Ancient ferns highly threatened in Europe – IUCN Red List


A fifth of European fern and lycopod species, a group of vascular plants that underpins healthy ecosystems, are threatened with extinction and declining, as a result of urbanisation and expanding infrastructure, according to a new report published today by the International Union for Conservation of Nature (IUCN).

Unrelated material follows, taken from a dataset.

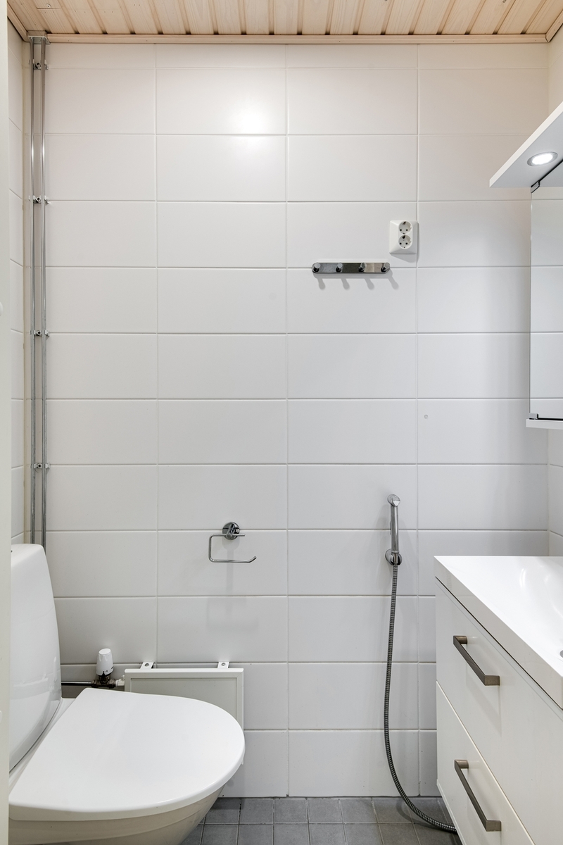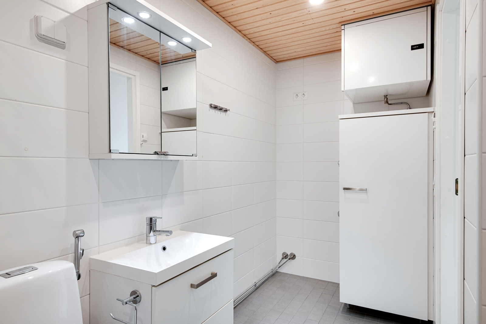 | Kylpyhuoneen kuvaus | Peilikaappi, pesukoneliitäntä, lattialämmitys, wc-istuin ja kiinteät valaisimet, lattiat (laatta) |

The new IUCN report – European Red List of Lycopods and Ferns – assesses, for the first time, the extinction risk of all 194 European lycopod and fern species, 53 of which only exist in Europe. It shows that a fifth of these ancient species, which date back to over 400 million years ago, are at risk of extinction, with the same proportion showing a declining trend. Aquatic ferns and lycopods have been found to be more at risk than terrestrial species. This report shows that ferns and lycopods are the most threatened plant group of those assessed by IUCN so far in Europe. Previous European assessments have covered medicinal plant species, all other aquatic plant species and wild relatives of crop plants.
“Ferns and lycopods have been among Europe’s favourite horticultural plants for centuries, sometimes resulting in overharvesting from the wild as happened during the Victorian ‘fern craze’ in the 1800s” says Luc Bas, Director of IUCN’s European Regional Office. “Today’s IUCN Red List report shows that despite being known for their resilience, ferns and lycopods continue to be severely affected by human activities, with aquatic species most at risk. This new information must guide the implementation of European legislation and policy to reverse this devastating trend before Europe loses what are among its most important and diverse plant species.”
The findings reveal that European fern and lycopod species are primarily threatened by urbanisation and expanding infrastructure, which leads to the fragmentation and reduction of their habitats. For example, the Dwarf Moonwort (Botrychium simplex) is found in several countries including France, Sweden and Austria, and is now listed as Endangered as a result of habitat loss through land conversion to forest plantations or tourist developments.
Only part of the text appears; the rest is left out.